**Work order**
Exactly the lines from the start of the entries through the line with "3、上面的例子相當(dāng" are required in the output, with no pictures among them.

(Items from a dataset)
[Start of section]
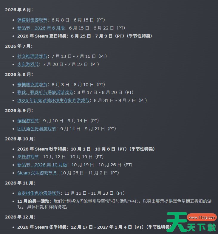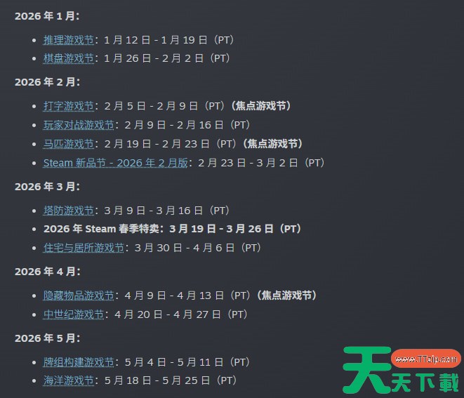 以上就是天天下载TTzip为大家带来的steam2026游戏节时间表内容解读了,大家都了解了吗?还想要了解更多的内容那就请继续关注天天下载(ttzip.com)吧。
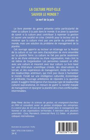 Le livre pionnier du genre présente cette particularité de relier la culture à la paix dans le monde. Il se pose la question de savoir si la culture peut contribuer à repenser la gestion et sauver une société en crise. L'intérêt pour le lecteur est de montrer que la culture n'est pas une partie du probable du monde, mais une solution du problème de management de la planète. Cet ouvrage apporte au lecteur un éclairage sur la finalité de la culture et sur son sens d'acceptation de vivre ensemble sur la planète Terre. La culture ne fait pas partie seulement de la vie d'une entreprise ou d'une organisation, mais c'est la vie même de l'organisation. Les personnes naissent en effet avec une culture et meurent avec leur culture. Le livre basé sur une littérature scientifique croisée, des observations de terrain, et des expériences de management, révèle les limites des leadeurships antérieurs, qui n'ont pas réussi à humaniser le monde. Fondé sur une intelligence culturelle, économique et artificielle, l'ouvrage ambitionne de répondre à la question posée. Il suggère l'émergence d'un nouveau type de leadeurship culturel supranational, en mesure de guérir la société malade de management et épargner la planète des crises conflictuelles interminables.
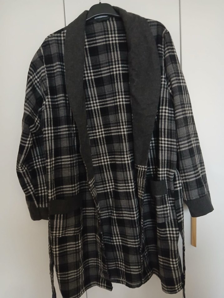 Gri ekose desenli pamuklu bornoz, düz şal yaka, uzun kollu, cepli ve bel bağlamalıdır. Evde rahat kullanım için uygundur.
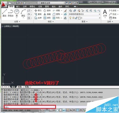 3、上面的例子相當(dāng)簡單,但是引我們思考。為什么可以直接復(fù)制呢?其實CAD是可以讀取從Excel在復(fù)制過去的內(nèi)容的。那么我們就可以把所有可以在命令行輸入的內(nèi)容在Excel中編輯出來然后“Ctrl+C”“Ctrl+V”就OK了。如下面,我們就用上面的那些數(shù)據(jù)為圓心繪制半徑為1的圓。
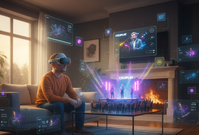 Ahora, con las nuevas Samsung Galaxy XR, sigues en tu sala, con el sofá a un lado y tu gato cruzando frente al televisor. Solo que frente a ti se abre una versión extendida del concierto: el escenario aparece flotando sobre tu mesa, los músicos se mueven en tamaño real, puedes girar la cabeza y ver a la multitud… y con un gesto acercarte tanto que distingues las medias de colores de Chris Martin.
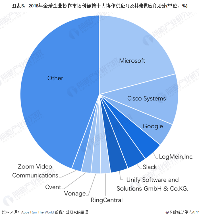 目前,全球企业协作行业尚未出现寡头垄断,主要为新兴技术/新兴厂商及传统巨头分成两大阵营,各有优劣。2019年12月,根据国外机构Apps Run The World公布的“2018年全球企业协作应用程序市场份额”情况显示,2018年排名前10位的全球协作软件供应商占全球协作整体市场的近55.7%,其中微软以占领20.8%的市场份额领跑市场;思科公司排名第二;其次是Google、LogMein和Slack。
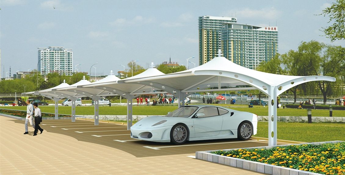 一、膜結(jié)構(gòu)車棚是以建筑織物,即膜材料為張拉主體,與支撐構(gòu)件或拉索共同組成的結(jié)構(gòu)體系,它以其新穎獨特的建筑造型,良好的受力特點——成為大跨度空間結(jié)構(gòu)的主要形式之一。膜材料是指聚酯纖維基布或PVDF、PVF、PTFE等不同的表面涂層,配以優(yōu)質(zhì)的PVC組成的具有穩(wěn)定的形態(tài),并可承受一定載荷的建筑紡織品。它的壽命因不同的表面涂層而異。
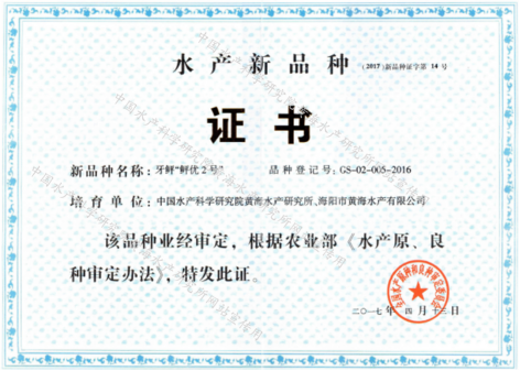 “鲆優(yōu)2號”牙鲆新品種是黃海水產(chǎn)研究所聯(lián)合海陽市黃海水產(chǎn)有限公司歷經(jīng)10余年培育出的抗病高產(chǎn)新品種,也是我國采用全基因組選擇技術(shù)結(jié)合家系選育技術(shù)培育出的一個魚類高產(chǎn)抗病新品種。該新品種具有生長快、養(yǎng)殖成活率高的優(yōu)點(diǎn)。經(jīng)養(yǎng)殖對比,比普通牙鲆生長速度提高20%,養(yǎng)殖成活率提高20%。該新品種于2017年獲得國家水產(chǎn)新品種證書。2018年10月專家組在海陽市黃海水產(chǎn)有限公司曾對“鲆優(yōu)2號”的養(yǎng)殖結(jié)果進(jìn)行過現(xiàn)場驗(yàn)收,“鲆優(yōu)2號”牙鲆新品種受精卵經(jīng)過18個月的育苗和養(yǎng)殖后平均體重達(dá)到1005g;2018年4月在海陽市黃海水產(chǎn)有限公司繁育的“鲆優(yōu)2號”魚卵,經(jīng)18個月的育苗和養(yǎng)殖,2019年10月份也生長到1000g左右。產(chǎn)業(yè)化推廣示范結(jié)果充分證明牙鲆“鲆優(yōu)2號”新品種的生長優(yōu)勢明顯。此外,“鲆優(yōu)2號”牙鲆成魚還表現(xiàn)出體色呈金黃色的表型,被日照養(yǎng)殖企業(yè)家稱為“黃金鲆”,市場前景廣闊。
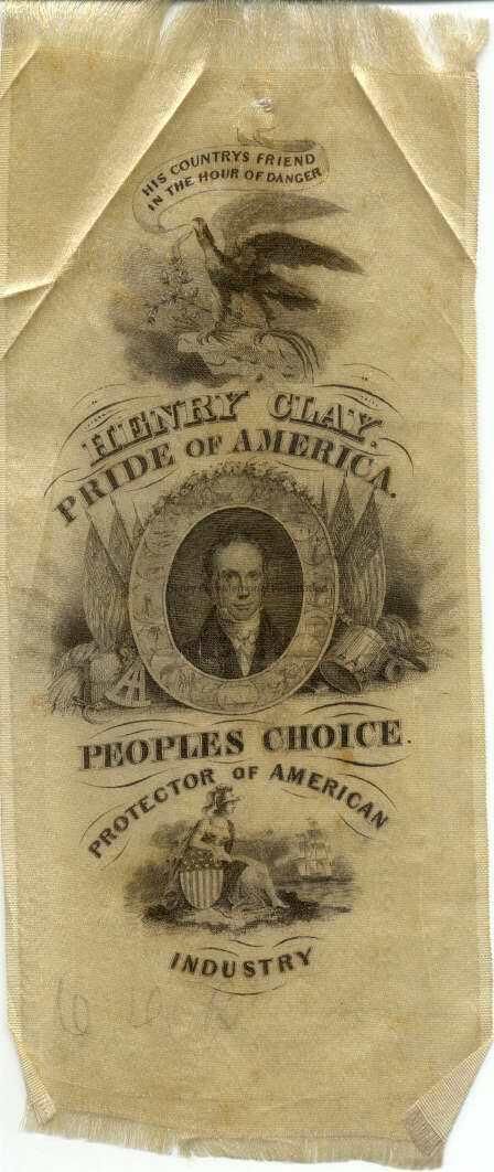 Cream-colored silk ribbon, printed with an eagle at the top, Clay in an oval in the middle flanked by flags drums, etc., and a Roman or Greek figure at the bottom. The eagle is holding a banner in its mouth that reads, "HIS CONTRY'S FRIEND / IN THE HOUR OF DANGER." Also printed in large block letters, "HENRY CLAY. / PRIDE OF AMERICA. / PEOPLE'S CHOICE. / PROTECTOR OF AMERICAN / INDUSTRY." There are indecepherable initials written on the bottom front of the ribbon in pencil and what looks like the word, "commendable" written upside-down in pencil on the lower back.
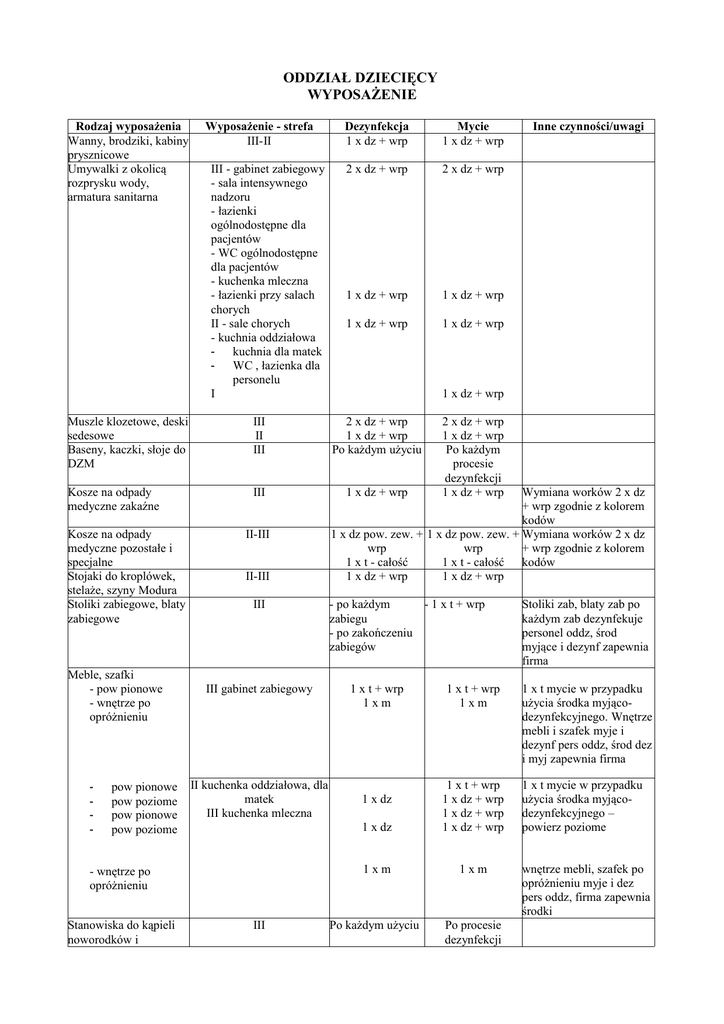ODDZIAŁ DZIECIĘCY WYPOSAŻENIE Rodzaj wyposażenia Wanny, brodziki, kabiny prysznicowe Umywalki z okolicą rozprysku wody, armatura sanitarna Wyposażenie - strefa III-II III - gabinet zabiegowy - sala intensywnego nadzoru - łazienki ogólnodostępne dla pacjentów - WC ogólnodostępne dla pacjentów - kuchenka mleczna - łazienki przy salach chorych II - sale chorych - kuchnia oddziałowa kuchnia dla matek WC , łazienka dla personelu I Dezynfekcja 1 x dz + wrp Mycie 1 x dz + wrp 2 x dz + wrp 2 x dz + wrp 1 x dz + wrp 1 x dz + wrp 1 x dz + wrp 1 x dz + wrp 1 x dz + wrp Muszle klozetowe, deski sedesowe Baseny, kaczki, słoje do DZM III II III 2 x dz + wrp 1 x dz + wrp Po każdym użyciu Kosze na odpady medyczne zakaźne III 1 x dz + wrp Kosze na odpady medyczne pozostałe i specjalne Stojaki do kroplówek, stelaże, szyny Modura Stoliki zabiegowe, blaty zabiegowe Meble, szafki - pow pionowe - wnętrze po opróżnieniu - pow pionowe pow poziome pow pionowe pow poziome II-III II-III III III gabinet zabiegowy II kuchenka oddziałowa, dla matek III kuchenka mleczna - wnętrze po opróżnieniu Stanowiska do kąpieli noworodków i III Inne czynności/uwagi 2 x dz + wrp 1 x dz + wrp Po każdym procesie dezynfekcji 1 x dz + wrp Wymiana worków 2 x dz + wrp zgodnie z kolorem kodów 1 x dz pow. zew. + 1 x dz pow. zew. + Wymiana worków 2 x dz wrp wrp + wrp zgodnie z kolorem 1 x t - całość 1 x t - całość kodów 1 x dz + wrp 1 x dz + wrp - po każdym - 1 x t + wrp zabiegu - po zakończeniu zabiegów 1 x t + wrp 1xm 1 x t + wrp 1xm 1 x dz 1 x t + wrp 1 x dz + wrp 1 x dz + wrp 1 x dz + wrp 1xm 1xm Po każdym użyciu Po procesie dezynfekcji 1 x dz Stoliki zab, blaty zab po każdym zab dezynfekuje personel oddz, środ myjące i dezynf zapewnia firma 1 x t mycie w przypadku użycia środka myjącodezynfekcyjnego. Wnętrze mebli i szafek myje i dezynf pers oddz, środ dez i myj zapewnia firma 1 x t mycie w przypadku użycia środka myjącodezynfekcyjnego – powierz poziome wnętrze mebli, szafek po opróżnieniu myje i dez pers oddz, firma zapewnia środki niemowląt, wagi lekarskie Ssaki Pojemniki urządzenia ssącego zawierające jednorazowe wkłady Dozowniki na mydło, ręczniki, papier toaletowy Łóżka III-II III Po każdym użyciu Po procesie Wg instrukcji szpitala zgodnie z dezynfekcji instrukcją dezynfekcji i mycie po użyciu ssaka Po wyjęciu Po wyjęciu wkładu. wkładu. I-III Przed kolejnym uzupełnieniem Po proc dezynf 1 x dz obudowa dozownika II Po wypisie pacjenta + wrp Stoliki przyłóżkowe II Miski do mycia pacjentów Wózki transportowe dla pacjentów (leżące) III 1 x dz + wrp blaty 1 x dz + wrp blaty po wypisie-całość po wypisie-całość Po każdym użyciu Po każdym użyciu Zwrócić uwagę na kółka i miejsca trudno dostępne (dezynfekcja) II 1 x dz + wrp 1 x dz + wrp III (kuchnia mleczna) II (kuchnia ogólna) III, II 2 x dz 2 x dz 1 x m + wrp III II I 1 x t + wrp wrp 2 x dz 2 x dz 1 x m + wrp 1 x dz powierzchnie zewnętrzne 1 x t + wrp 1 x t + wrp 1 x t + wrp klamki i okolice dotykowe drzwi II-III I 1 x dz + wrp 1 x dz + wrp 1 x dz Parapety II-III I 1 x dz + wrp 1 x dz + wrp 1 x dz Kaloryfery III II I II III II I-III 1xt wrp 1xt 1xt 1xt 1xt Zlewozmywaki Lodówka do żywności, leków Drzwi Listwy odbojowe Szafki, regały, stoliki, biurka, taborety, krzesła, fotele wrp 1 x t + wrp wrp Zwrócić uwagę na kółka i miejsca trudno dostępne (dezynfekcja) W przypadku użycia środka myjącodezynfekcyjnego 1 x m mycie. W salach chorych, korytarzu występują drzwi przeszklone W przypadku użycia środka myjącodezynfekcyjnego 1 x t mycie 1 x dz pow. poziome 1 x t pow. pionowe i pow. poziome trudno dostępne 1 x t meble Odkurzanie, zwrócenie tapicerowane uwagi na miejsca trudno dostępne Butelki i smoczki do karmienia III Aparaty telefoniczne II-III I II, I Lampy i urządzenia biurowe Lampy oświetleniowe sufitowe Lustra i osłony żarówek nad lustrami Okna i żaluzje Włączniki, wyłączniki, kontakty, gniazda, listwy, przedłużacze Kratki ściekowe syfony 2 x dz 14:00-15:00 1 x dz + wrp 1 x dz + wrp 1 x dz + wrp 1 x dz I-III 1 x k + wrp I-III 1 x dz III (gabinet zabiegowy) I-III I-III 1xm 1 x k + wrp 1xt Wyciągi wentylacyjne Pajęczyny Powierzchnie przeszklone w oddziale Dezynfekcja miejscowa doraźna. II-III I-III I-III II 1% roztwór sody. Umyć zgodnie z instrukcją obowiązującą w szpitalu. „Mycie i sterylizacja butelek po karmieniu” 1 x m + wrp Należy wlać środek dezynfekcyjny 1 x k + wrp Wrp omiatanie 1 x t + wrp
[End of section]
**Completed task**
 以上就是天天下载TTzip为大家带来的steam2026游戏节时间表内容解读了,大家都了解了吗?还想要了解更多的内容那就请继续关注天天下载(ttzip.com)吧。
 Le livre pionnier du genre présente cette particularité de relier la culture à la paix dans le monde. Il se pose la question de savoir si la culture peut contribuer à repenser la gestion et sauver une société en crise. L'intérêt pour le lecteur est de montrer que la culture n'est pas une partie du probable du monde, mais une solution du problème de management de la planète. Cet ouvrage apporte au lecteur un éclairage sur la finalité de la culture et sur son sens d'acceptation de vivre ensemble sur la planète Terre. La culture ne fait pas partie seulement de la vie d'une entreprise ou d'une organisation, mais c'est la vie même de l'organisation. Les personnes naissent en effet avec une culture et meurent avec leur culture. Le livre basé sur une littérature scientifique croisée, des observations de terrain, et des expériences de management, révèle les limites des leadeurships antérieurs, qui n'ont pas réussi à humaniser le monde. Fondé sur une intelligence culturelle, économique et artificielle, l'ouvrage ambitionne de répondre à la question posée. Il suggère l'émergence d'un nouveau type de leadeurship culturel supranational, en mesure de guérir la société malade de management et épargner la planète des crises conflictuelles interminables.
 Gri ekose desenli pamuklu bornoz, düz şal yaka, uzun kollu, cepli ve bel bağlamalıdır. Evde rahat kullanım için uygundur.
 3、上面的例子相當(dāng)簡單,但是引我們思考。為什么可以直接復(fù)制呢?其實CAD是可以讀取從Excel在復(fù)制過去的內(nèi)容的。那么我們就可以把所有可以在命令行輸入的內(nèi)容在Excel中編輯出來然后“Ctrl+C”“Ctrl+V”就OK了。如下面,我們就用上面的那些數(shù)據(jù)為圓心繪制半徑為1的圓。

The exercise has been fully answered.